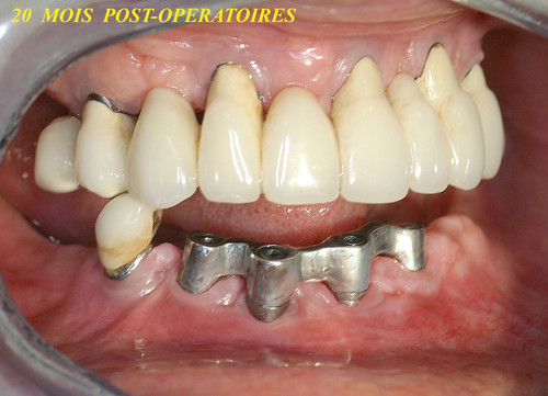 L’état initial (fig.26) montre une péri implantite généralisée au maxillaire et à la mandibule.
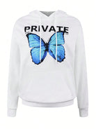 INAWLY 2pcs Women Butterfly Print Hooded Long Sleeve Top With Pockets And Drawstring Waist Pants Set
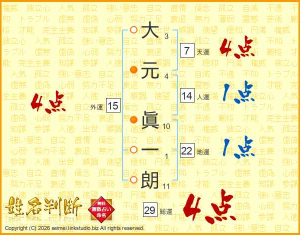 大元眞一朗さんの総運は29画の4点!
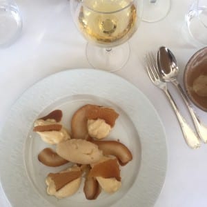Dessert : Sorbet au cidre de glace – Tuile de jus de pomme – Crémeux cidre rosé – Poire poché au caramel – Cidre poire
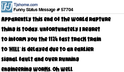 X says Apparently this end of the world rapture thing is today, unfortunately I regret to inform you the 1124 fast track train to 'HELL' is delayed due to an earlier signal fault and over running engineering works, Oh well
---
ASSIGNMENT:
Nothing but the pictures may be dropped; output the records above exactly.

COMPLETED EXERCISE:
 L’état initial (fig.26) montre une péri implantite généralisée au maxillaire et à la mandibule.
 INAWLY 2pcs Women Butterfly Print Hooded Long Sleeve Top With Pockets And Drawstring Waist Pants Set
 大元眞一朗さんの総運は29画の4点!
Dessert : Sorbet au cidre de glace – Tuile de jus de pomme – Crémeux cidre rosé – Poire poché au caramel – Cidre poire
 X says Apparently this end of the world rapture thing is today, unfortunately I regret to inform you the 1124 fast track train to 'HELL' is delayed due to an earlier signal fault and over running engineering works, Oh well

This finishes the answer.